Having joined the Pakistan Navy in 1947, he progressed well in the Navy and was trained in signals in Britannia Royal Naval College in England before returning to Pakistan in 1954 where he served in the PNS Shamsher as Lieutenant.

In 1965, Commander Iqbal F. Quadir was among the commanding officers who were chosen to be a part of the flotilla led by Cdre. S.M. Anwar to attack the radar station in Dwarka, India, where he commanded the PNS Alamgir. Cdr. Quadir was in charge of the signals eventually helping to identify the targets for flotilla to launch the attack.

According to Cdr. Quadir, the Indian Navy's reconnaissance plane had flown over his ship and observed flight path of the plane in the radar, as it had flown over his ship, Babur and Badr but was unable to detect due to clouds covering the area. Upon returning to Pakistan, he was decorated with the gallantry award.

In 1971, Cdr. Quadir was stationed in East, and was taken as war prisoner by the Indian Army and was repatriated back to Pakistan in 1974. Upon returning to Pakistan, he continued to serve in the Navy and eventually was promoted to the commanding ranks in the Navy. In the 1970s, Capt. Quadir served in the Navy NHQ as Chief of Staff (COS) for Commander of Pakistan Fleet (COMPAK). In 1978, Rear-Admiral Quadir was appointed as Commander of Karachi (COMKAR). In 1980, he was promoted to three-star rank, Vice-Admiral, in the Pakistan Navy and tenured as the Vice-Chief of Naval Staff under Adm. Karamat Rahman Niazi, the chief of naval staff.
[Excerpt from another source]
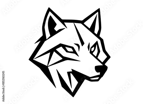 © Ano, Obraz premium Simple wolf's head in simple lines. Laser template.KI Generated
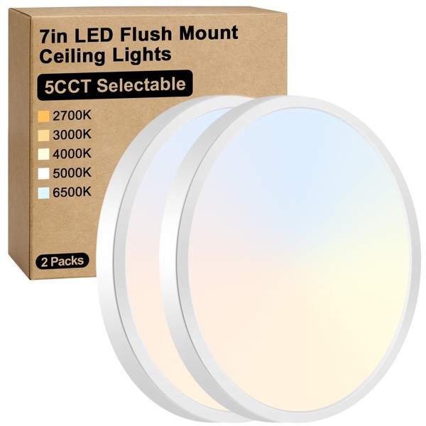 Brightever 7 Inch Flush Mount Ceiling Light, 12W 1200LM LED Ceiling Light Fixtures, 2700K/3000K/4000K/5000K/6500K Selectable, 0.67 Inch Ultra Thin Flat Ceiling Lights for Bedroom Closet, 2 Packs

In 1983, Vice-Admiral Quadir was superseded by junior Rear-Admiral T.K. Khan for the four-star rank promotion, since the Rear-Admiral Khan had been known to be close to President Zia and had experience in military administration in civil affairs from the East Pakistan, that may have been a factor for his appointment to the four-star rank. After his appointment was announced, Rear-Admiral Tariq Kamal Khan was appointed as four-star rank admiral in the Navy.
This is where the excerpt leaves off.